Saturday, October 30, 2021

Troubleshooting a weird Nagios NRPE SSL/TLS error

We recently gained limited access to a customer data center in order to monitor to some machines that our software is running on.  For historical reasons, we use Nagios as our monitoring tool (yes, I know that it's 2021) and we use NRPE to monitor our Linux boxes (yes, I know that NRPE is deprecated in favor of NCPA).

We had to provide the customer with a list of source IP addresses and target ports (for example, 5666 for NRPE) as part of the process to get the VPN set up.  Foreshadowing: this will become relevant soon.

After getting NRPE installed on all of our machines, we noticed that Nagios was failing to connect to any of the them.  The NRPE logs all had the following errors:

Starting up daemon
Server listening on 0.0.0.0 port 5666.
Server listening on :: port 5666.
Warning: Daemon is configured to accept command arguments from clients!
Listening for connections on port 5666
Allowing connections from: 127.0.0.1,::1,[redacted]
Error: Network server getpeername() failure (107: Transport endpoint is not connected)
warning: can't get client address: Connection reset by peer
Error: (!log_opts) Could not complete SSL handshake with [redacted]: 5
warning: can't get client address: Connection reset by peer
Error: Network server getpeername() failure (107: Transport endpoint is not connected)
Error: Network server getpeername() failure (107: Transport endpoint is not connected)
warning: can't get client address: Connection reset by peer
Error: (!log_opts) Could not complete SSL handshake with [redacted]: 5
warning: can't get client address: Connection reset by peer
warning: can't get client address: Connection reset by peer

So, this is obviously an SSL/TLS problem.

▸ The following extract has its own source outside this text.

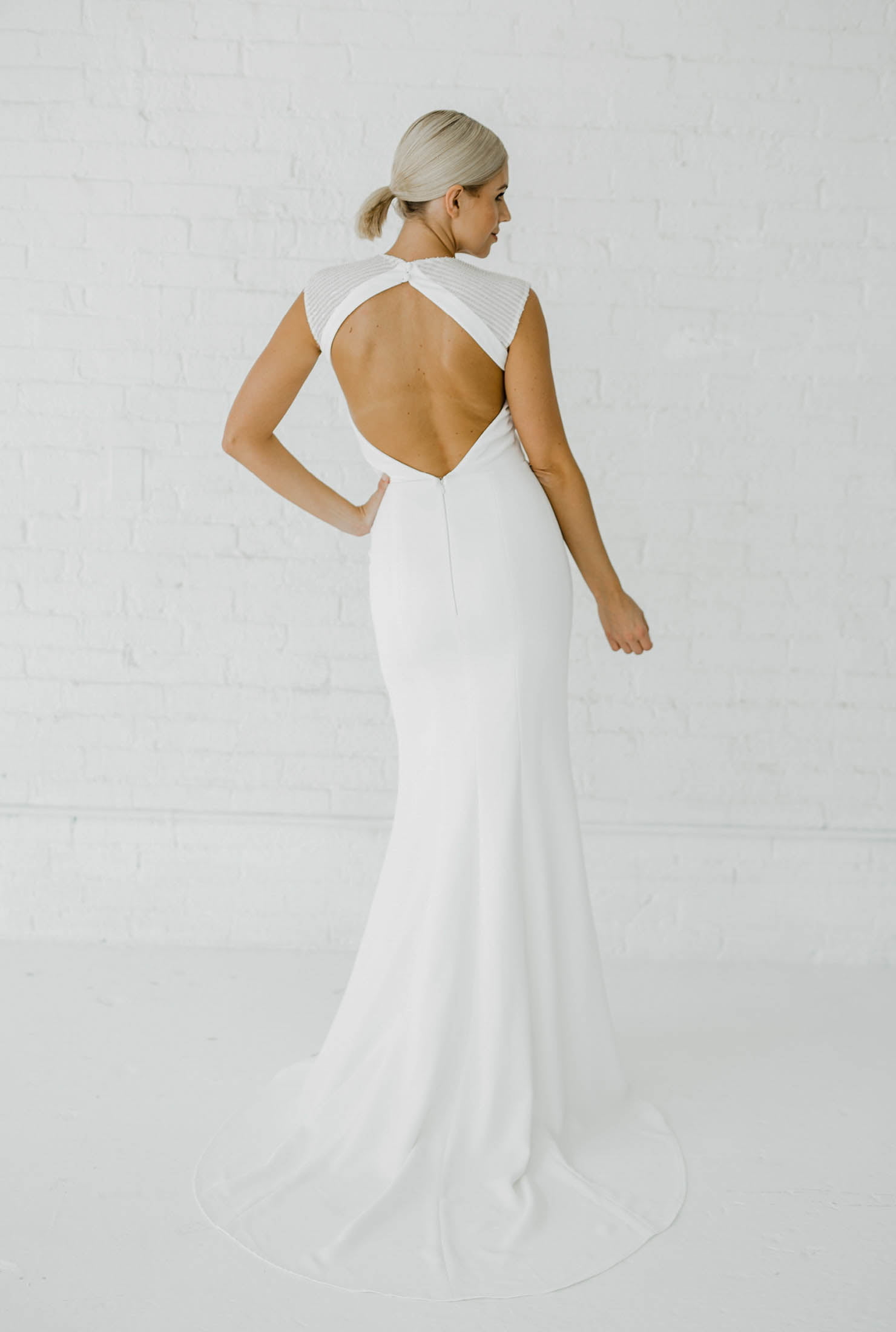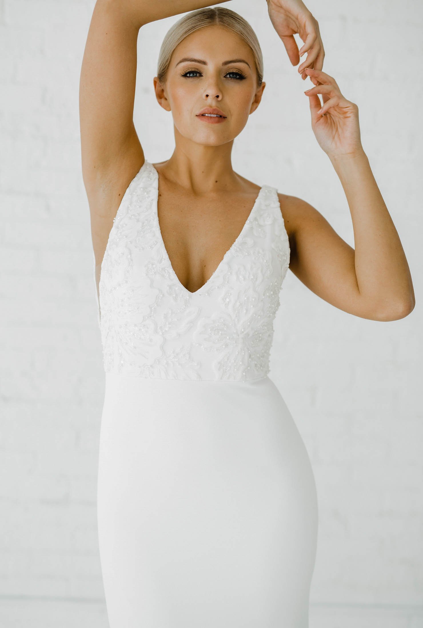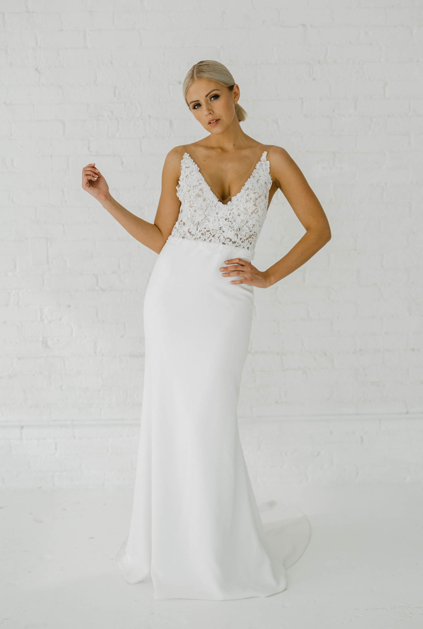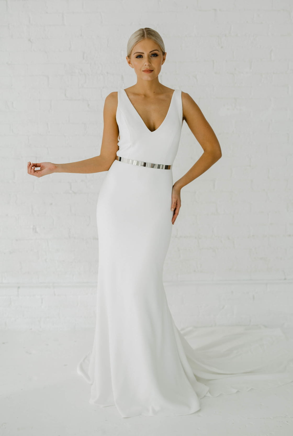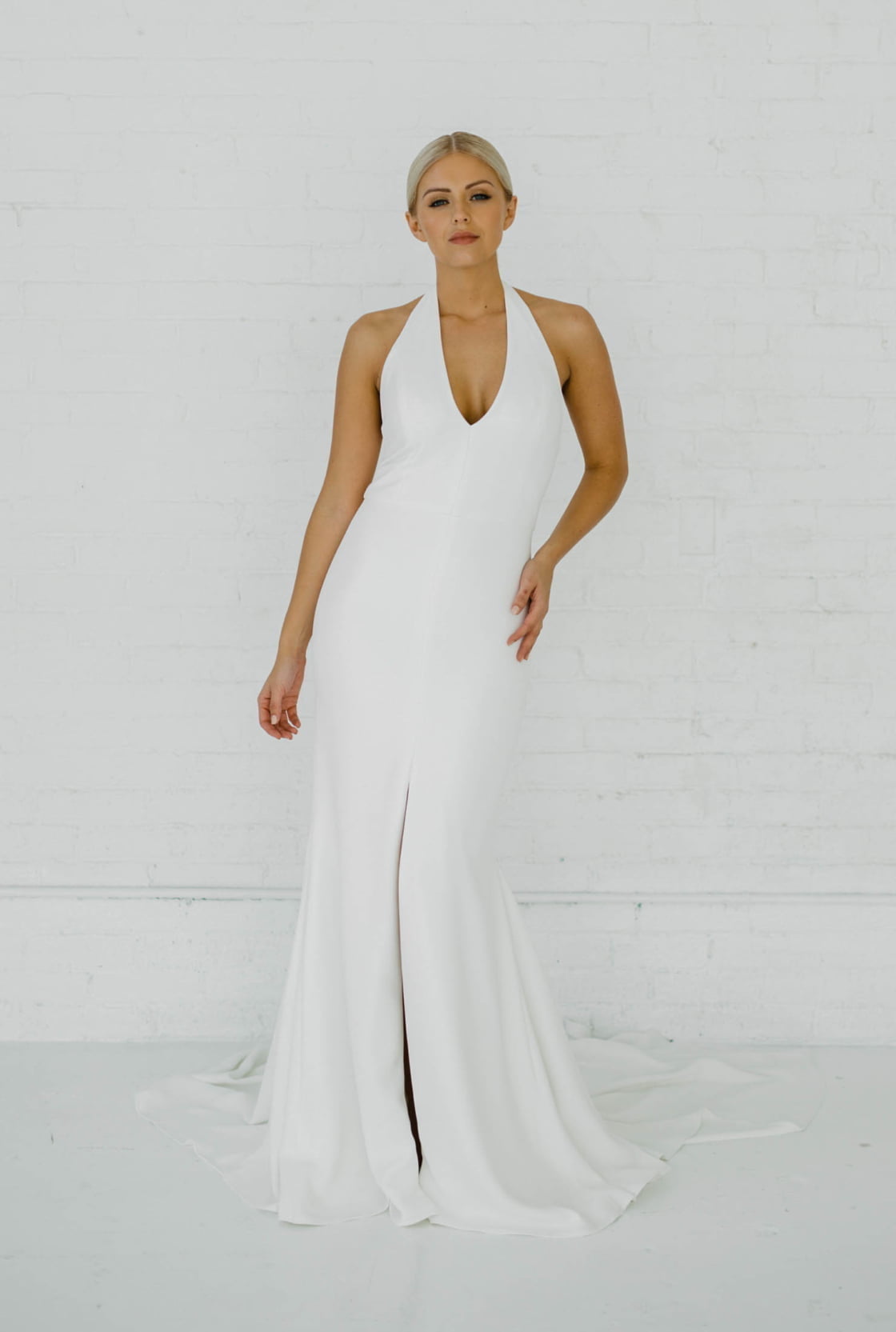 Amy, owner of Love Marie Bridal Boutique (in Camden, NSW) says the designer is most known for her chic crepe gowns. “The fit is perfect! They hug the booty just how you want them to and hide those funny underarm bits that no one likes!”

However, everyone on the Internet basically says that this is a problem with the NRPE client machine (the Nagios source address isn't listed in "allowed_hosts", it's not set up for SSL correctly, you didn't compile it right, etc.).

After fighting with this for hours, we finally figured out what was wrong.

A hint was the "getpeername() failure"; if you open up the NRPE source code, this runs immediately after the connection is established.  The only way that you could see this error ("Transport endpoint is not connected") is if the socket was closed between that initial connection and "getpeername".

Running "tcpdump" on both sides yielded the following findings:

On Nagios:

Nagios → NRPE machine: SYN
NRPE machine → Nagios: SYN, ACK
Nagios → NRPE machine: ACK
Nagios → NRPE machine: TLSv1 Client Hello
NRPE machine → Nagios: RST, ACK

On the NRPE machine to be monitored:

Nagios → NRPE machine: SYN
NRPE machine → Nagios: SYN, ACK
Nagios → NRPE machine: ACK
Nagios → NRPE machine: RST, ACK

Both machines agreed on the first 3 packets: the classic TCP handshake.  However, they differed on the subsequent packets.  Nagios sent a TLSv1 "Client Hello" packet and immediately had the connection closed by the NRPE machine.  However, the NRPE machine did not see the TLSv1 "Client Hello" at all; rather, it saw that Nagios immediately closed the connection.

This is indicative of some trickery being done by the customer's equipment (firewall, VPN, etc.).  From what I can tell, they're quietly stripping out any TLS packets and killing the connection if it finds any.  They probably have an incorrect port rule set up for port 5666, but anyway, that's the problem here: the network infrastructure is tearing out the TLS packets and closing the connection.